Mais le marquis paraissait si pressé de savoir qu'il passa sur ce manque de convenances.
– Monsieur le marquis, reprit alors Guillaume, un gentilhomme de province aussi riche que vous ne saurait n'être pas chasseur.
– Après ? fit le marquis.
– Qui dit chasseur dit un peu braconnier, et Votre Seigneurie doit savoir comment on pose des collets pour le lièvre et le lapin.
– Sans doute, je le sais. Mais où veux-tu en venir ?
– Le lièvre et le lapin courent tête baissée ; la bécasse, plus circonspecte, poursuivit Guillaume, lève de temps en temps la tête et si, d'aventure, elle voit un petit carreau de papier blanc attaché à un bâton, elle rebrousse chemin.
– Mais que me chantes-tu donc là, drôle ?
– Attendez encore, monseigneur. Le bout de papier dont je parle a été placé là par un braconnier qui fait fi de la bécasse et ne veut pas qu'elle se prenne dans le collet qu'il réserve à un lièvre.
– As-tu bientôt fini de me conter des sornettes ! s'écria le marquis, impatienté.
– J'ai fini, dit Guillaume. Cette maison ressemble à un collet, monseigneur.
– Bon !
– Et je suis le morceau de papier blanc.
– Ce qui veut dire ?…
– Que le collet ne vous est point destiné…
– En vérité !
– Le collet est pour un autre que vous, et c'est pour cela que je vous dis ce que d'autres vous ont dit déjà, monseigneur ; si vous étiez sage, vous vous en iriez.
– Drôle ! exclama le marquis, je te jure que si tu ne m'indiques pas sur-le-champ le passage qui conduit à la partie souterraine de la maison, je te planterai mon épée dans la gorge.
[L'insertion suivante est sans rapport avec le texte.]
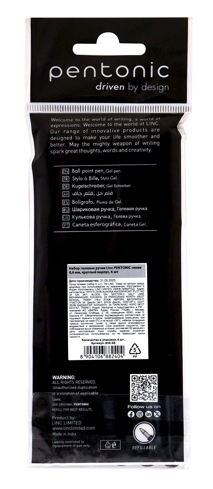 Количество в упаковке, шт: 6 Диаметр, мм: 7 Цвет чернил: синий Количество цветов: 1 Толщина линии письма, мм: 0,30 Цвет корпуса: черный Мин. партия и варианты упаковок: 1 / 20 / 240 Набор гелевых ручек Linc PENTONIC 0,6 мм синие, 6 шт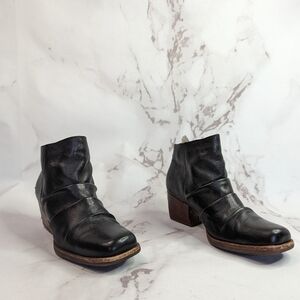 Kork Ease Kissel Booties Black Leather Block Heel Square Toe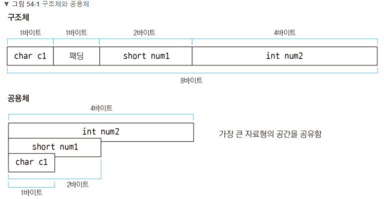 공용체는 구조체와 정의 방법은 같지만 멤버를 저장하는 방식이 다른 자료형이다. 구조체는 멤버들이 각각 공간을 차지하지만 공용체는 모든 멤버가 같은 공간을 공유한다.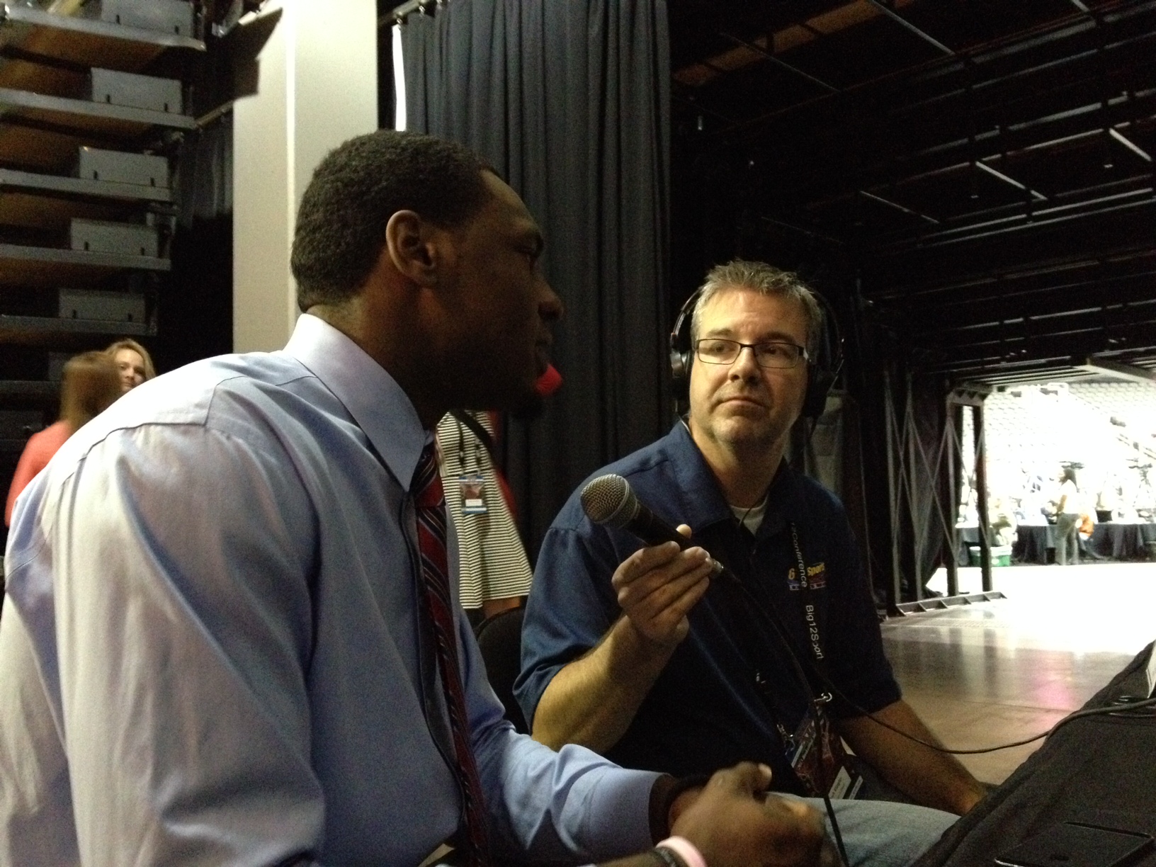 A couple photos of KU’s players doing radio interviews about 20 minutes ago.

Un soupir souleva la poitrine de Guillaume.
– Ma foi ! dit-il, il est des gens à qui on crie vainement : casse-cou !
– C'est possible.
– Ainsi vous le voulez ?…
– Oui, je le veux.
– Eh bien, soyez satisfait.
En même temps, Guillaume quitta la place où il était et se dirigea vers la cheminée, dans laquelle il n'y avait point de feu.
Alors le chevalier de Castirac et le marquis stupéfaits, le virent prendre un des chenets et en frapper trois coups sur la plaque du foyer.
Il s'écoula environ une minute.
Puis, soudain, la plaque du foyer tourna sur ses gonds invisibles, comme une porte, et le marquis et son jeune compagnon virent apparaître une sorte de trou noir et béant.
Le marquis eut un cri de triomphe.
Il s'empara du flambeau et s'approcha de ce mystérieux corridor.
– Je vois un escalier, dit-il.
– Un escalier qui vous mènera où vous voulez aller, dit Guillaume.
– Je l'espère bien.
– Mais d'où vous ne reviendrez pas, ricana Guillaume.
– Tu crois ?
– J'en suis sûr.
– Eh bien, moi, je suis sûr du contraire.
– Ah ! ah !
– Chevalier, dit alors le marquis en tirant sa montre, il est une heure du matin. Vous allez rester ici, avec maître Guillaume.
– Fort bien, fit le chevalier.
– Si, à trois heures, je ne suis pas revenu…
– Je logerai ma rapière dans la poitrine du bonhomme, n'est-ce pas ? dit froidement le chevalier.
– Précisément, dit le marquis.
Alors il prit le flambeau et, l'épée à la main, il s'aventura dans le mystérieux escalier.